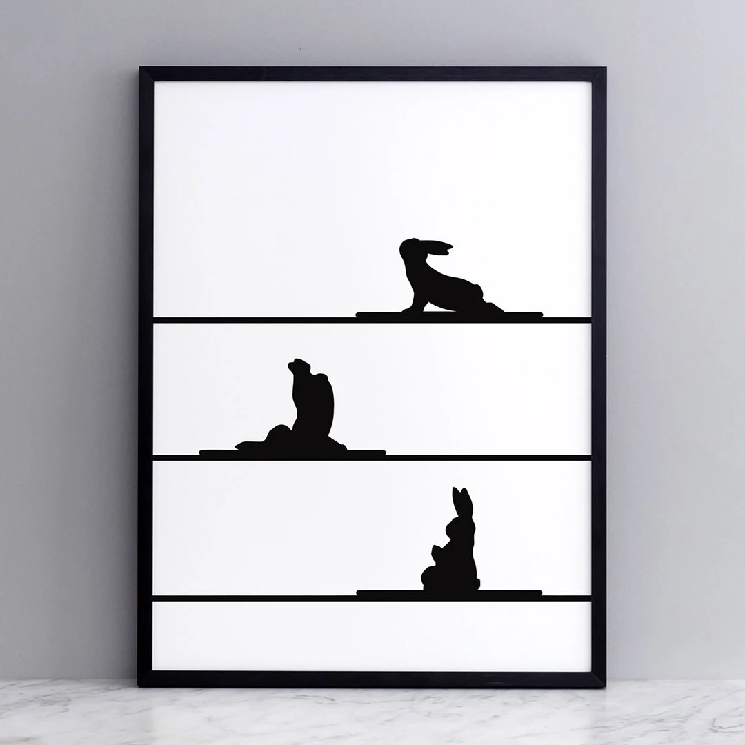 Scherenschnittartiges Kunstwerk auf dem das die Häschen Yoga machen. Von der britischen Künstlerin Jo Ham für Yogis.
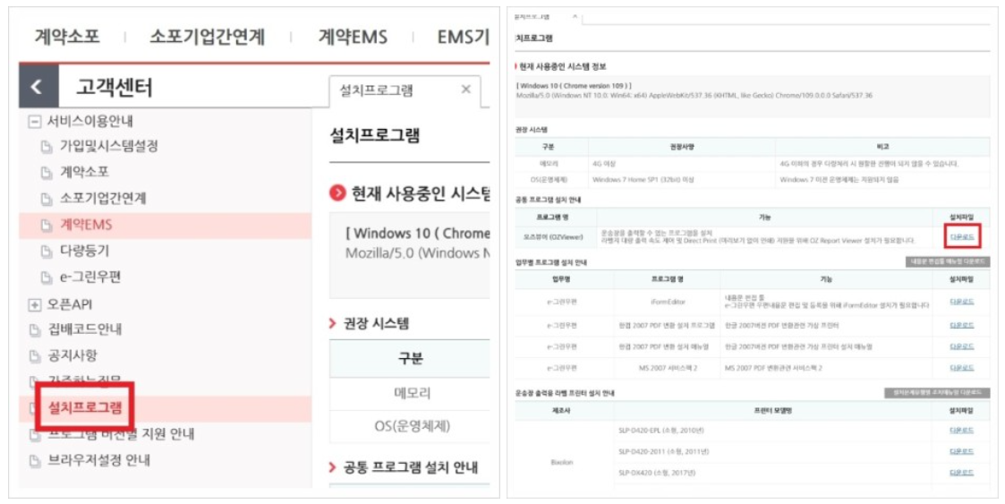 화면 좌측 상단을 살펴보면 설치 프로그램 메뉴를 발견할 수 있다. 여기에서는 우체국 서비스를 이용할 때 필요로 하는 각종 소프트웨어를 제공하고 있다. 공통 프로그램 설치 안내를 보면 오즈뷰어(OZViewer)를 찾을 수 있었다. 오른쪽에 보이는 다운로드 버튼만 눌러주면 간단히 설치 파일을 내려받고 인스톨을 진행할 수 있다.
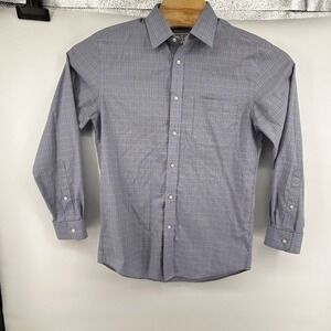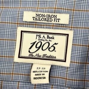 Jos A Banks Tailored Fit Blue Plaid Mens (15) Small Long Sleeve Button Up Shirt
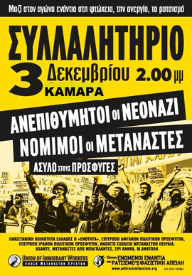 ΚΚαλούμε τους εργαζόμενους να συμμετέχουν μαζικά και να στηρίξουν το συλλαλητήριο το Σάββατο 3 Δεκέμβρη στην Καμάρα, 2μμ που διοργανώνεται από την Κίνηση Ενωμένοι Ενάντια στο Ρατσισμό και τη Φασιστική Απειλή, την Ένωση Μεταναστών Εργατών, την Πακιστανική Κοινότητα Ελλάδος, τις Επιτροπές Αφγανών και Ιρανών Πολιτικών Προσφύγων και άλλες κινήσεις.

# Aim of the task:
Output nothing but an exact retyping of the material, pictures excluded.

# Output:
 Scherenschnittartiges Kunstwerk auf dem das die Häschen Yoga machen. Von der britischen Künstlerin Jo Ham für Yogis.
 화면 좌측 상단을 살펴보면 설치 프로그램 메뉴를 발견할 수 있다. 여기에서는 우체국 서비스를 이용할 때 필요로 하는 각종 소프트웨어를 제공하고 있다. 공통 프로그램 설치 안내를 보면 오즈뷰어(OZViewer)를 찾을 수 있었다. 오른쪽에 보이는 다운로드 버튼만 눌러주면 간단히 설치 파일을 내려받고 인스톨을 진행할 수 있다.
 Jos A Banks Tailored Fit Blue Plaid Mens (15) Small Long Sleeve Button Up Shirt
 ΚΚαλούμε τους εργαζόμενους να συμμετέχουν μαζικά και να στηρίξουν το συλλαλητήριο το Σάββατο 3 Δεκέμβρη στην Καμάρα, 2μμ που διοργανώνεται από την Κίνηση Ενωμένοι Ενάντια στο Ρατσισμό και τη Φασιστική Απειλή, την Ένωση Μεταναστών Εργατών, την Πακιστανική Κοινότητα Ελλάδος, τις Επιτροπές Αφγανών και Ιρανών Πολιτικών Προσφύγων και άλλες κινήσεις.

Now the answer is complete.